It is very easy, in a capacity as an authoritative teacher in the Church, to come close to or even cross lines into wrong teaching, which is what heresy is.
There are legitimate criticisms, and they must be assessed in degree. Not everything is black and white. Shmemann is flat-out a model of gratitude, the key to joy, for us. Hopko is a model of speaking to modern pluralist Americans who swallow truths more easily if they think the speaker doesn't sound dogmatically sure of them. (His mannerisms ("I don't know", "It seems to me", etc when speaking about definitive dogma) drive me crazy, but I get their effectiveness in the environment we live in today.)
It is possible to go too far in something. And usually, in my experience, it is in the direction of one of two equal and opposite errors. A person can, for example, say that "only Orthodox can be saved". Or they can take the opposite tack of ecumenism and say that it doesn't matter whether you are in the Orthodox Church or not.
Or they might teach that every word in the Bible has to be taken literally, that there is no metaphor or allegory, or the opposite error of saying that many or most miraculous events described are only metaphor or allegory.
Hopko was a thoroughgoing evolutionist. He believed that modern science, a result of modern education, produces truth about our origins that must be reconciled with patristic teaching, even to the point of belittling the latter. I still hope to write a criticism of his podcast on "the Slippery Slope", in which he was right about the specific case he defended, and wrong in denying and deriding the concept in general.
Shmemann was an ecumenist. He did believe in the Orthodox Church, but swung too far in the direction of "it doesn't matter".
Heck, I even found hints in Met Antony Bloom that he might have supported women's ordination, and more than hints in Met Kallistos Ware.
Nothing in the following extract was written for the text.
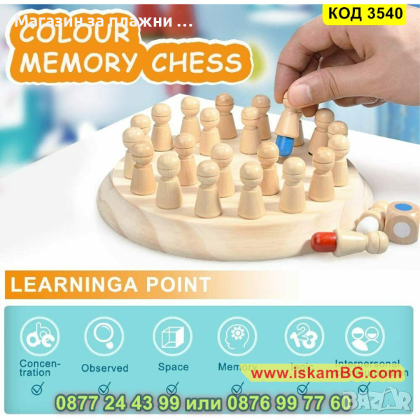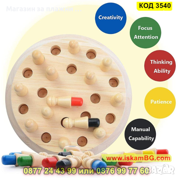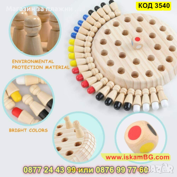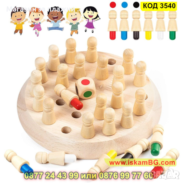 Бебешки дървен шах за памет

Such tend to be linchpins for "liberal" folk in the Church, and while they themselves did/do not teach such things as teachers like Fr Robert Arida have been trying to introduce (the legitimacy of homosexuality in the Church), their tendencies were influential in such directions.
I would stress the vital role Shmemann played in revitalizing the Orthodox Church in America, of turning it from a moribund club of isolationist immigrants to a thing that reaches out to Americans and fulfills "the Great Commission", and Hopko's continuation of that, combined with his down-to-earth relatability that Americans so desperately need, and let's face it, we really couldn't perceive Shmemann as American.
So there's no simple verdict. But overall, there is definitely much more good than bad, but you need to understand that they were "only human", and what exactly they went wrong in, even while being incredibly and deeply right about so many other things.